Raúl acudió a ver una película para descansar después de una extenuante jornada laboral, pero terminó pasando horas atrapado dentro del complejo cinematográfico sin comida ni ayuda inmediata.
Lo que parecía una simple salida al cine terminó convirtiéndose en una experiencia insólita para Raúl, un guardia de seguridad de Monterrey que, tras cumplir un turno de 48 horas consecutivas de trabajo, acudió a una función para relajarse, pero el cansancio terminó venciendo al espectador. Se quedó dormido durante la proyección y despertó cuando el complejo ya había cerrado sus puertas, quedando completamente encerrado durante varias horas.

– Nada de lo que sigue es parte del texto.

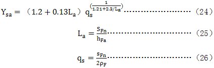 應(yīng)力修正系數(shù)Ysa­是把名義彎曲應(yīng)力轉(zhuǎn)換成齒根應(yīng)力基本值的系數(shù)。它考慮了齒根過渡曲線處的應(yīng)力集中的效應(yīng),以及彎曲應(yīng)力以外的其他應(yīng)力對齒根應(yīng)力的影響(進一步的說明見GB/T3480)。

Los hechos ocurrieron en un cine ubicado en el centro de Monterrey, Nuevo León, donde Raúl asistió para ver la película “Zona de Riesgo”. Sin embargo, el agotamiento acumulado por su extensa jornada laboral provocó que se quedara profundamente dormido en la sala. Al despertar, alrededor de las 10:30 de la noche, descubrió que el establecimiento estaba vacío y que no había forma de salir por sus propios medios.
Ante la desesperación, el hombre decidió llamar al 911 para solicitar ayuda. Al lugar acudieron elementos de Protección Civil de Monterrey y policías municipales, quienes intentaron localizar a los responsables del complejo cinematográfico para facilitar su salida. No obstante, durante varias horas no fue posible contactar a los encargados, prolongando el encierro de Raúl.

El afectado relató a medios locales que vivió momentos de angustia al permanecer atrapado dentro del inmueble sin acceso a alimentos ni información sobre cuándo podría salir. La situación generó cuestionamientos sobre los protocolos de revisión y seguridad que deben seguir los establecimientos antes de concluir sus operaciones diarias, especialmente en espacios con múltiples salas y cientos de asistentes.
Más allá de la anécdota viral, el caso también puso sobre la mesa una realidad que viven miles de trabajadores en México: las extensas jornadas laborales y el desgaste físico acumulado. En el caso de Raúl, el agotamiento fue tal que ni el sonido de la película ni el cierre del cine lograron despertarlo a tiempo para abandonar el recinto junto con el resto de los asistentes.
Finalmente, el hombre logró ser auxiliado y salir del lugar sin presentar afectaciones físicas. Sin embargo, su historia ya circula ampliamente en redes sociales, donde usuarios han convertido el episodio en motivo de bromas, mientras otros señalan que nadie debería llegar a un nivel de cansancio tan extremo después de trabajar durante dos días seguidos.